Ogg Vorbis is a lossy audio compression standard similar to MP3, WMA, AAC, etc. The difference with these existing standards is that they are free and open standards. The Basic Reference Library is provided in a format that conforms to the BSD license and you can freely incorporate it into your own software or modify it. Also, there is no obligation to pay the fee at that time. One of the main features of Ogg Vorbis is that it has fewer rights restrictions than other codecs and formats. Q. What does the name mean? Ogg is a container for various data. Vorbis refers to a lossy compressed audio format. These are proper names, not abbreviations of significant words. In addition to Vorbis, Ogg can include Theora (Ogg Theora) and Ogg FLAC (FLAC). Q. What about the sound quality of Ogg Vorbis? Sound quality is not bad. However, everyone’s ears are different, so try it out for yourself. In general, many people feel that they have an advantage over other formats at low bit rates (64 kbps to 128 kbps). It also makes a big difference depending on the encoder (compression program). If possible, try different encoders. Q. The bit rate (capacity per second) is not constant.

Ogg Vorbis is based on quality-based VBR (variable bit rate). Therefore, the bit rate is not constant. If you need a constant bit rate, use the bit rate management mode. However, even in this case, frame-based constant bit rate (CBR) encoding, such as MP3, is not possible (like many other formats).
Also, the stronger the bit rate limit, the more disadvantageous it will be in terms of normal sound quality. Also, the encoding speed will be slower. It is better to use the underlying Vorbis quality mode (VBR).

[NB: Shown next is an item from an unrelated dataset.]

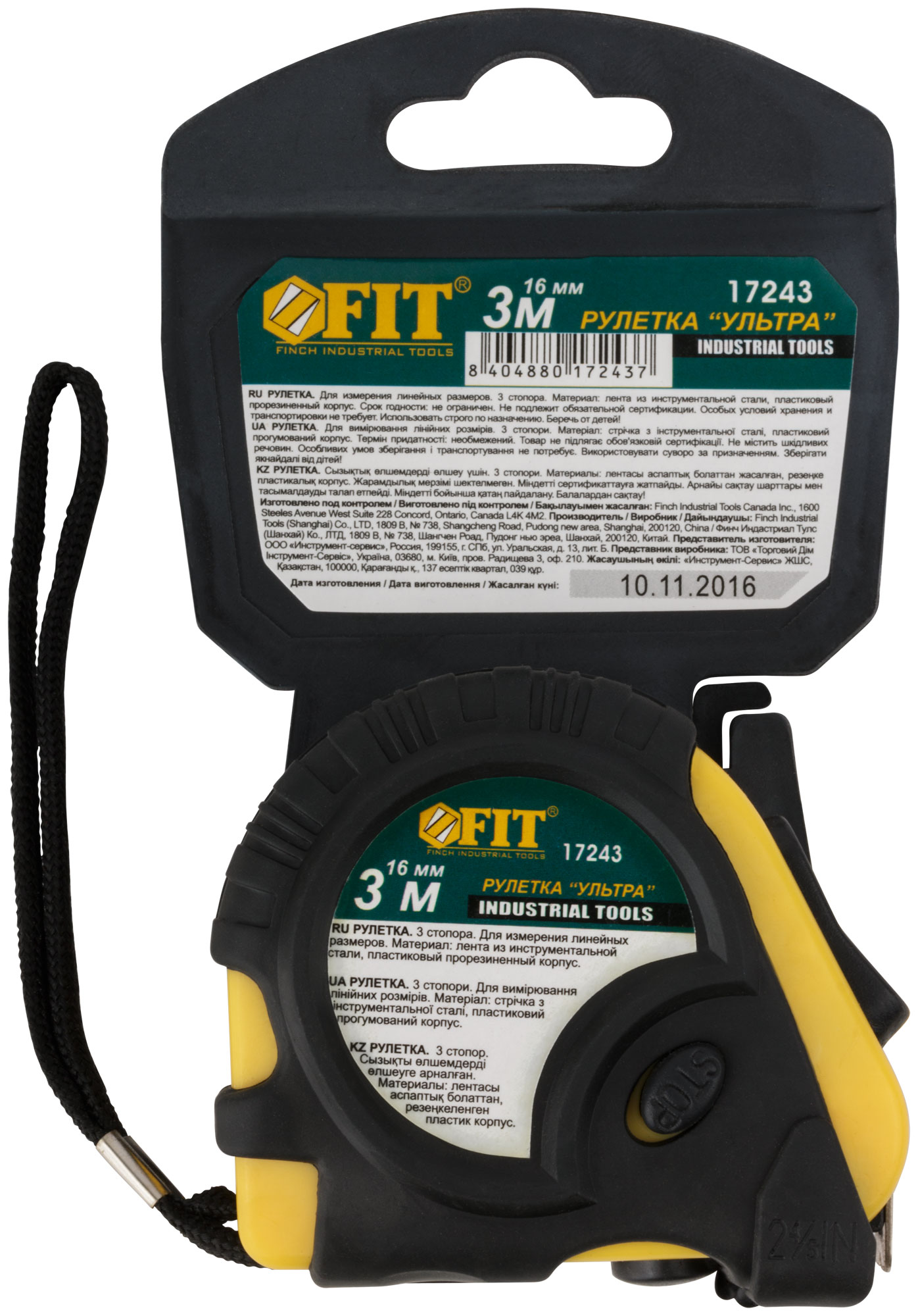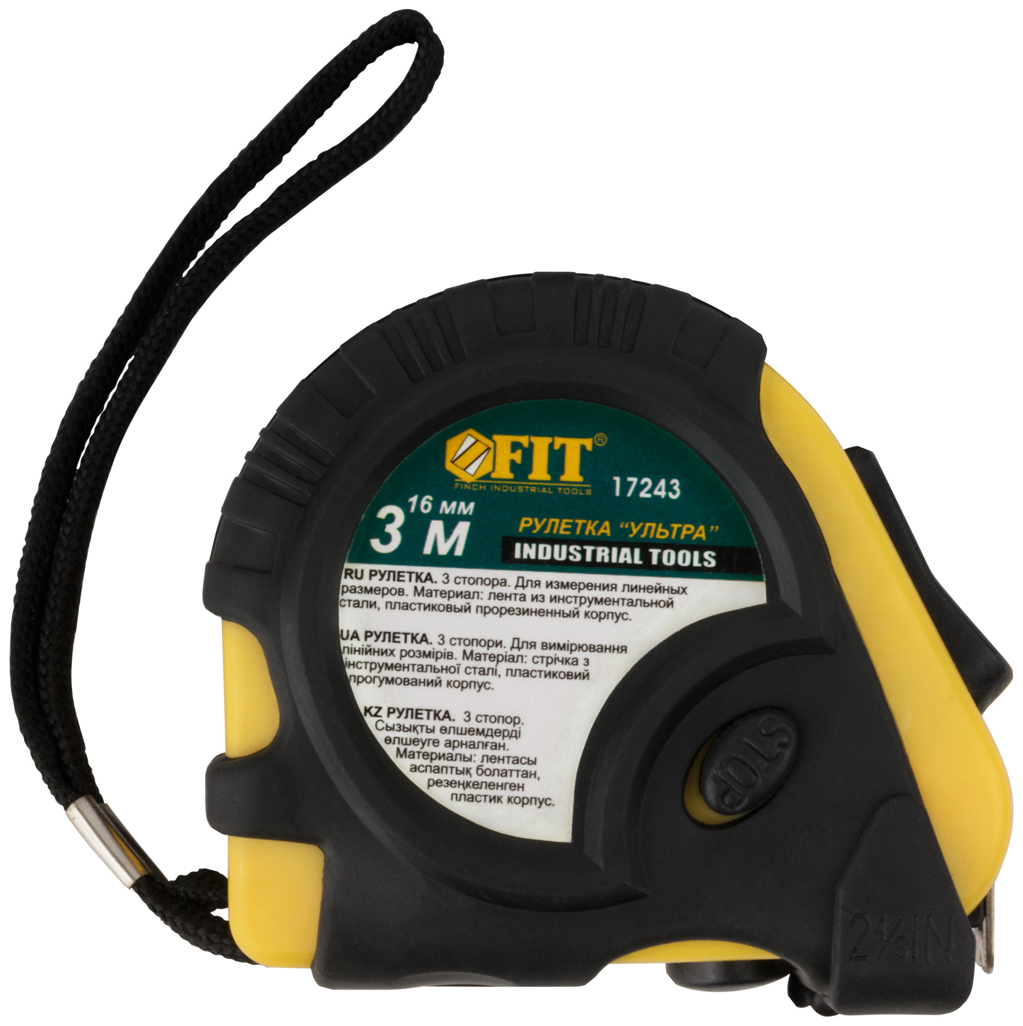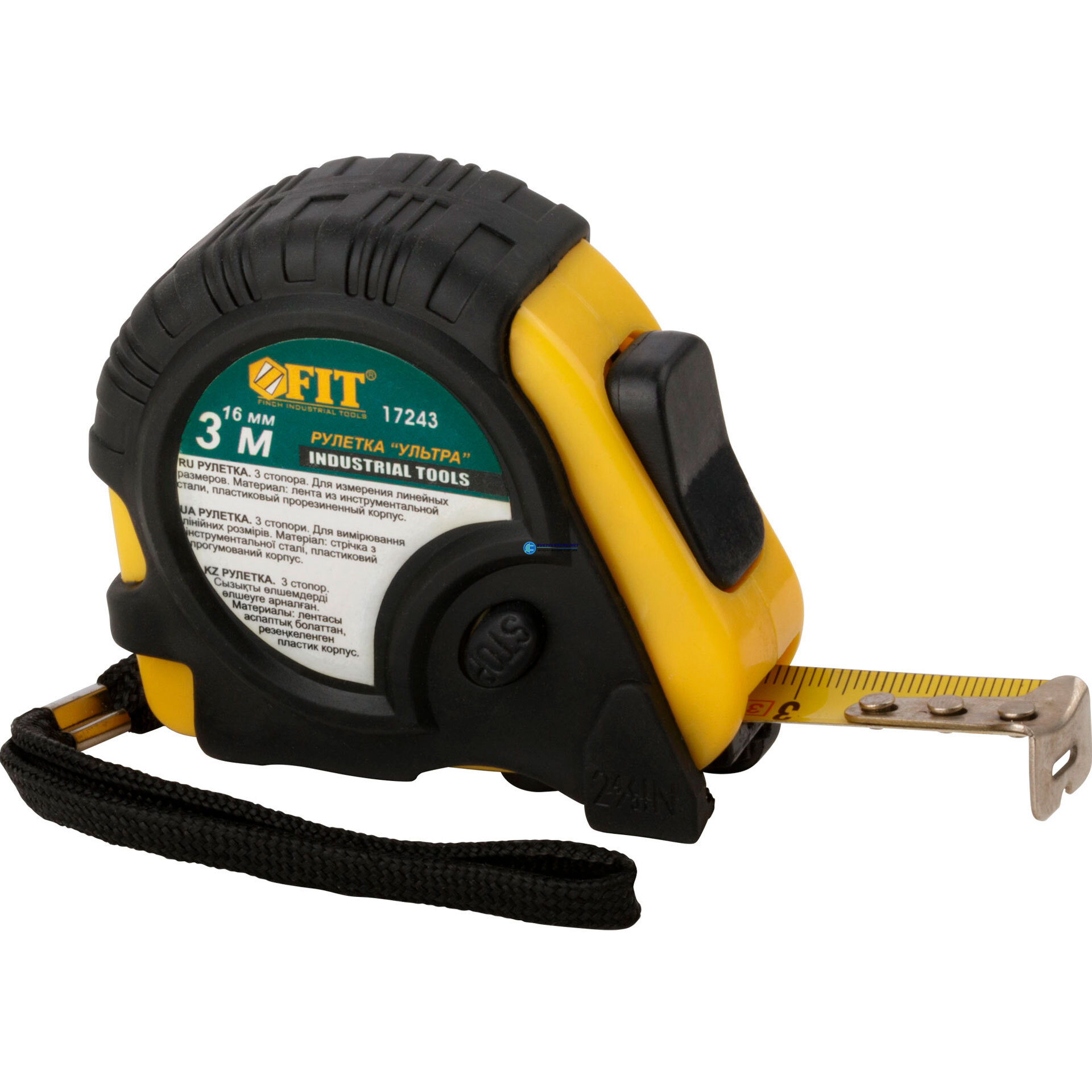 Рулетка прорезинен. корпус, тройной стопор ''Ультра'' м x 16 мм, код 17243, производитель FIT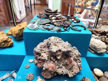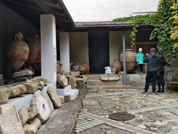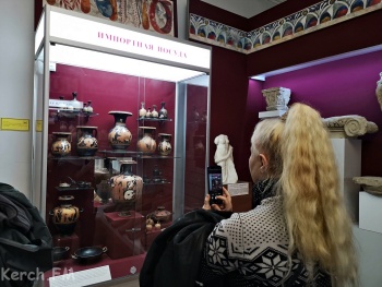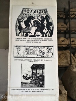 Старые и новые экспозиции демонстрировали сотрудники музея. На будущее, если предстоит посетить еще раз музей, не забудьте зайти внутренний дворик. Там часть посвящена виноделию, приготовлению пищи древними прародителями керчан. Воспринимается все это как-то по-особенному: этим морским воздухом дышали те, кто пользовался каменными ступками, кто перегонял по каменным желобам молодое вино, кто готовил пищу себе в печи. И так же как и мы любовались осенними разноцветными листьями.

Q. What is lossy audio compression after all?
The word irreversible means non-reversible (denial of reversibility). Simply put, it is irreversible audio compression. And the fact that it doesn’t fully return means that the sound quality may not be exactly the same as the original. However, it is possible to reduce the data by minimizing hearing damage. This is because the human ear is sensitive in parts, but very insensitive. Modern format encoders like Vorbis try to compress while preserving subjective sound quality as much as possible by exploiting the auditory characteristics of those people.
By the way, there is a lossless compression that does not deteriorate the quality at all, but in general, a large compression ratio cannot be expected. FLAC and Monkey’s Audio are relatively popular as lossless audio compression standards, but the compression ratio is in the range of 30% to 70% of the original.

Q. I want to listen to an Ogg file, how can I listen to it?
The easiest way is to use an Ogg Vorbis-enabled software player. There are a lot of compatible players for different platforms, so I can’t cover all of them here. Try searching by typing “Ogg Vorbis Player” into an Internet search engine.
There are also hardware players, although the absolute number is still small. For example, you can play Ogg Vorbis audio files outside with a portable player. You can find several things in this area by searching for “Ogg Portable Player” in the search engine.
Although rare, there are non-Vorbis files even with the Ogg extension, so be careful.

Q. I want to listen to Ogg Vorbis audio with my usual player,
In order to play it with WMP on Windows, I need to install the DirectShow filter. One of the most actively being developed is the Xiph.Org DS filter. Install the plugin for QuickTime
when playing iTunes on Macintosh (Windows version is also acceptable). Also, there are many other programs that can support playing Vorbis in the form of plugins. Even if it doesn’t play by default, you might want to look it up on a search engine.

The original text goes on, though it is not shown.